September 26th, 2011 by
SAP Offshore Development

SAP Offshore Development

There is a time and a place for everything–, even SAP project offshore activities.  Unfortunately in the quest to save money the wrong approach can sound good on paper but cost you far more than the sales pitches would lead you to believe.  The SAP offshore sales pitch uses enticing rates like getting an offshore developer for about 15 to 20% the rate of an onshore resource (about 1 / 5th to 1 / 7th the price).  The initial reaction to all of the sales pitches is “wow, that will save us a bundle!”  The truth is sometimes it does and sometimes it does not.  And in many cases it can even cost you far more in hidden costs than local (higher priced) developers.

 

This is the first in a 3 part series on SAP offshore projects:

  • Part 1 – SAP Offshore Project Development Experience (this post)
  • Part 2 – Hidden SAP Offshore Development Costs
  • Part 3 – Where Does SAP Offshore Development Make Sense?

I’ve worked on 3 projects where off-shore resources were used for the initial project and 2 others where they were used for upgrade.  This is the “inside scoop” from my experience.

The Real Reason Offshore Development Seems So Cheap

Let’s set the record straight on one thing immediately, there is a REASON those rates are that cheap.  In the global SAP world it has less to do with the wages of the host country than you might realize.  In the SAP space there is still strong demand for strong SAP skills globally so market forces plainly dictate that real experience will pay market rate no matter what country it is.  Work Visa requirements for many countries with high SAP skill demand will allow the importing of actual skills –, heck, they let massive numbers of total fakes and frauds in the United States so real experience (rather than faked) makes it easy to move out of these host countries for far higher wages.
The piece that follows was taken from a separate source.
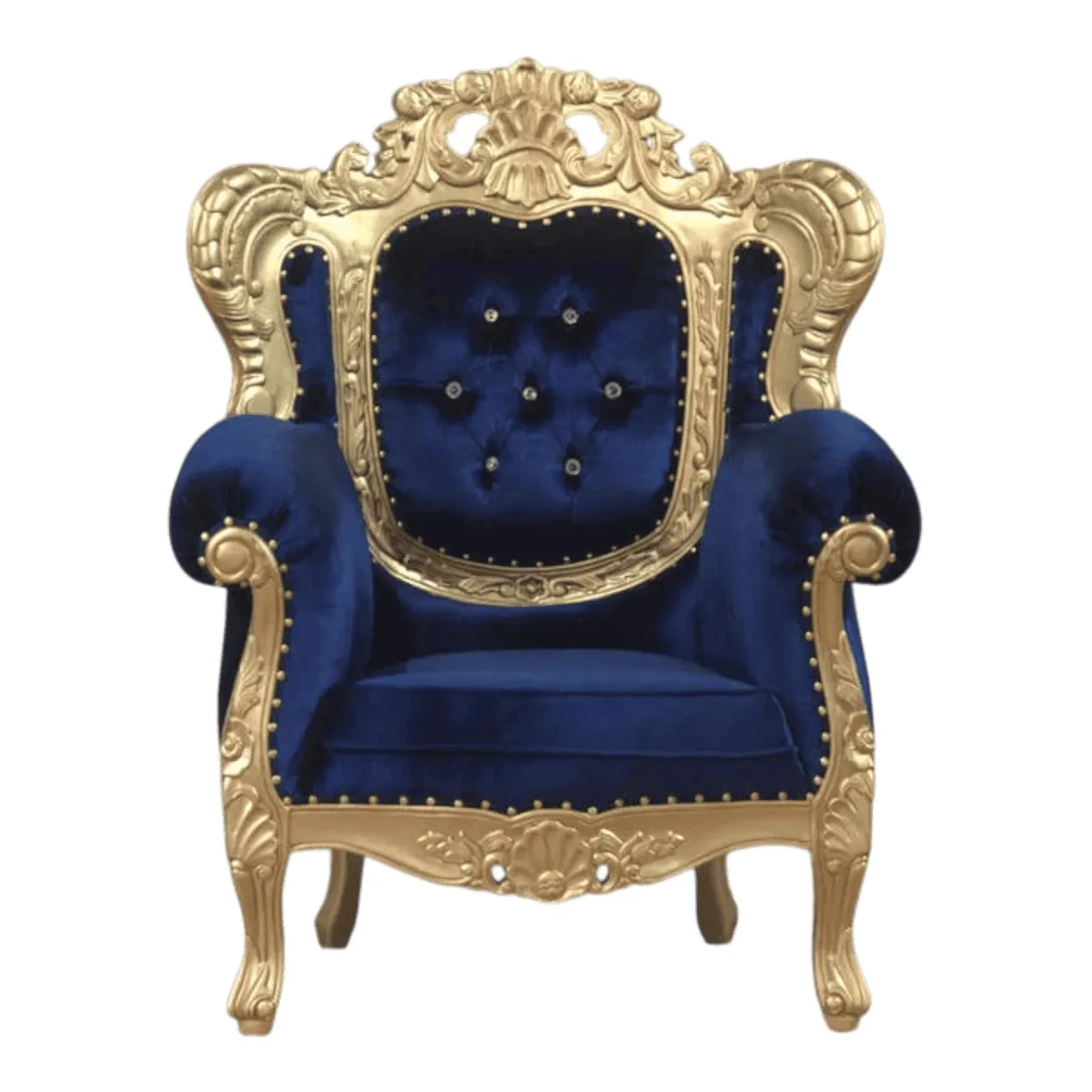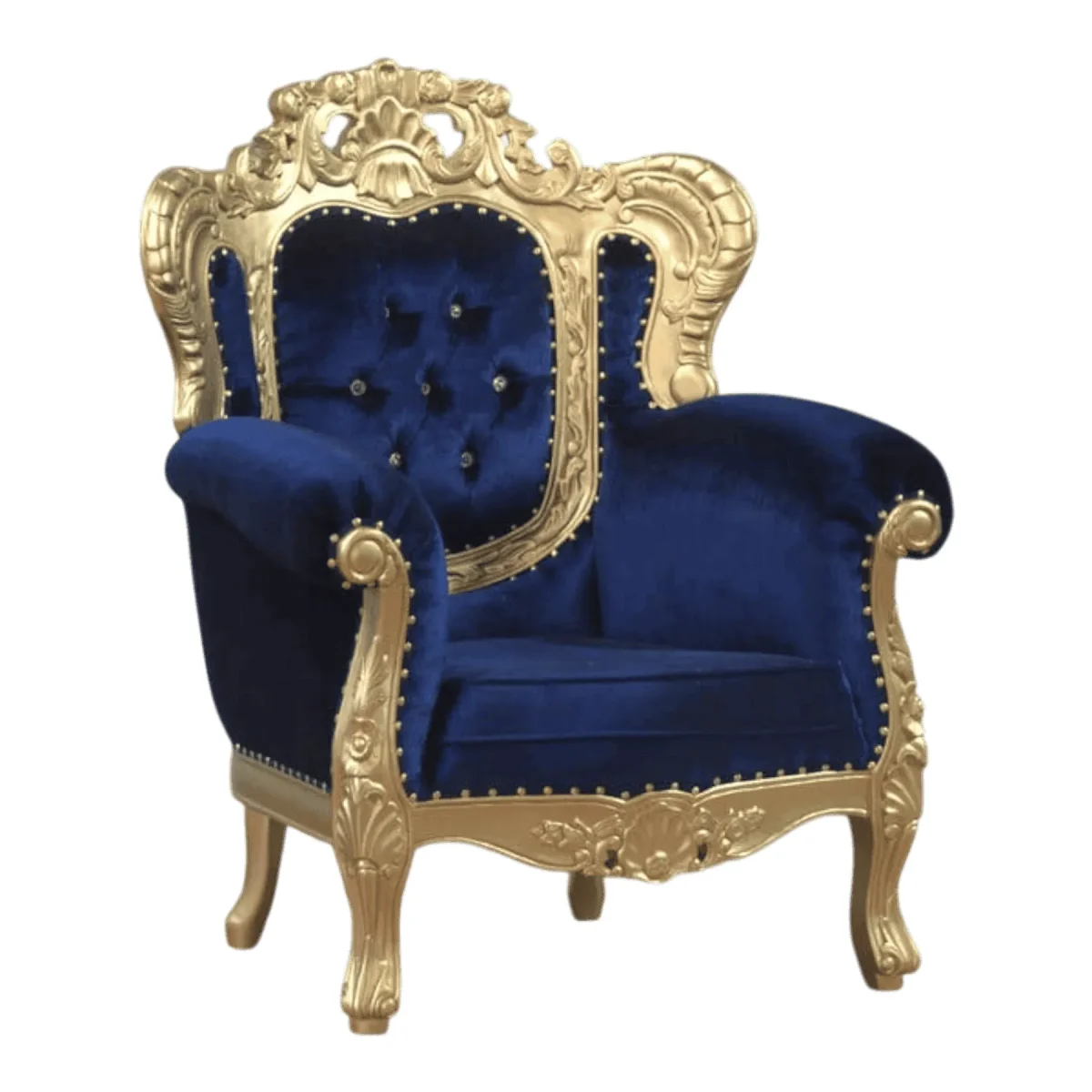 Experience the ultimate in dramatic luxury with a chair that refuses to be ignored featuring a stunning contrast between vibrant sapphire velvet and a radiant gold-leaf frame that captures the light from every angle this armchair is the personification of theatrical elegance designed for the homeowner who views their interior as a stage for high-style living the deep blue upholstery is accented with sparkling crystal-style tufting that adds a layer of glamour and sophistication while the exaggerated curves of the hand-carved frame provide a sense of movement and energy whether placed in a formal parlor or as a standalone feature piece in a master suite this chair creates an atmosphere of decadence and joy inviting you to sit back and feel like the protagonist of your own grand story surrounded by the finest materials and most daring design choices

When Off-shoring Might Cost You More Than Local Resources

When your SAP project depends on large amounts of custom development work you may be in for reverse “sticker shock” at the actual hidden costs.  And by reverse “sticker shock” I mean it is like getting a car for 25% of what you thought you would have to pay BUT you find out the tires, battery, seats, steering wheel, and all of the key components of the car are “required” add-ons that you have to pay for separately.  But they only show you the nice, finished, new car with all of the “extras.”  The actual cost for a HUGE portion of the offshore development is hidden and that rate you were quoted is a joke! 

Your “offshore” resources have very little if any actual SAP development experience no matter what kind of a sales pitch you are given.  What you are “hiring out” is some smart college kid who is learning on your dime but *maybe* under the supervision of an experienced developer.  Yes, the rates are lower but in today’s economic climate you could probably find some aggressive local college kids who would do as good or better, for the same wage, and without any language barriers.  Maybe you should consider that and bring in one of those expensive local resources to train, shepherd, supervise, and teach them.  At least then you have the skills in house.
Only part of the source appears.